Unnamed: 0,CRIM,ZN,INDUS,CHAS,NOX,RM,AGE,DIS,RAD,TAX,PTRATIO,B,LSTAT
0,0.00632,18.0,2.31,0.0,0.538,6.575,65.2,4.09,1.0,296.0,15.3,396.9,4.98
1,0.02731,0.0,7.07,0.0,0.469,6.421,78.9,4.9671,2.0,242.0,17.8,396.9,9.14
2,0.02729,0.0,7.07,0.0,0.469,7.185,61.1,4.9671,2.0,242.0,17.8,392.83,4.03
3,0.03237,0.0,2.18,0.0,0.458,6.998,45.8,6.0622,3.0,222.0,18.7,394.63,2.94
4,0.06905,0.0,2.18,0.0,0.458,7.147,54.2,6.0622,3.0,222.0,18.7,396.9,5.33


In [11]:
y = pd.DataFrame(data['target'], columns=['MEDV'])
y.head()

Unnamed: 0,MEDV
0,24.0
1,21.6
2,34.7
3,33.4
4,36.2


### We are trying to predict house price using many different housing attributes (e.g. Rooms; Crime rate; etc)
#### Question 1: What type of Machine Learning Problem is this?

#### Question 2: What other regressors besides trees could we use for this problem?

### Split data in to training and test set, with half of data in the test set

In [12]:
X_train, X_test, y_train, y_test = train_test_split(X, y, test_size=0.5, random_state=2)

#### Question 3: How many houses are in the training and test sets? And how many features are there? Print them to the screen.

#### Question 4: Using DecisionTreeRegressor, Fit a Decision Tree to the training data; with maximum tree depth set to 3. Make sure to set a random seed.

#### Question 5: Visualize the Tree that has been fit to the training data using the plot_tree function

#### Question 6: Use the trained model to predict prices for the houses in the test set. Plot y-predicted (x-axis) vs y-actual on a scatter plot. Add a line to represent where perfect predictions would be.

#### Question 7: Use Mean Squared Error (MSE) to calculate the test error

# Ensemble Methods: Bagging and Random Forests

### Use the RandomForestRegressor Function to apply Bagging. Remember the only difference between Random Forests and Bagging is the number of 'max_features' to consider at each split. Bagging considers all features. 

In [13]:
# Bagging: using all features
regr1 = RandomForestRegressor(max_features=13, random_state=0)
regr1.fit(X_train, y_train.values.ravel())

RandomForestRegressor(max_features=13, random_state=0)

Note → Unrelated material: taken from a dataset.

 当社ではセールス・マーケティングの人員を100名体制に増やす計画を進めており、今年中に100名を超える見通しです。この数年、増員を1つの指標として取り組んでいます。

#### Question 8: Like before, plot y-predicted (x-axis) vs y-actual on a scatter plot. Add a line to represent where perfect predictions would be.

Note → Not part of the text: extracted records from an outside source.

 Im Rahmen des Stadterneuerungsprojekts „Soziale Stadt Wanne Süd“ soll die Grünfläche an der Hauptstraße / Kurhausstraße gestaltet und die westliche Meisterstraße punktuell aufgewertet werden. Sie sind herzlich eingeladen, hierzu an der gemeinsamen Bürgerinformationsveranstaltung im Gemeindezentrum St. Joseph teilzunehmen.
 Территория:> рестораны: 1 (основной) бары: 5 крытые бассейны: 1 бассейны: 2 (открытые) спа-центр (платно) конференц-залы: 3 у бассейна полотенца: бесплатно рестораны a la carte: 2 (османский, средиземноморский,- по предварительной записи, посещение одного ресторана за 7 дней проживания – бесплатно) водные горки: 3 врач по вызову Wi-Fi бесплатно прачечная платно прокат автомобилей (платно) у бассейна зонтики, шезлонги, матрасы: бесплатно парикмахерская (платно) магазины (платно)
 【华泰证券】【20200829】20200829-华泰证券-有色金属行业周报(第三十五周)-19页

#### Question 9: Use Mean Squared Error (MSE) to calculate the test error

### Use the RandomForestRegressor Function to apply Random Forest. Random Forest considers a subset of the features.

In [14]:
# Random forests: using 6 randoml selected features at each split
regr2 = RandomForestRegressor(max_features=6, random_state=0)
regr2.fit(X_train, y_train.values.ravel())

RandomForestRegressor(max_features=6, random_state=0)

#### Question 10: Use Mean Squared Error (MSE) to calculate the test error

#### Question 11: Plot a feature importance figure to understand which of the 13 features can best explain the response variable. Do the most important features make intuitive sense to you?

#### Bonus Question #1: use GridSearchCV to tune two hyper-parameters to improve the model further

#### Bonus Question #2: if this MSE is not lower than the previous ones, what does this suggest about the previous models?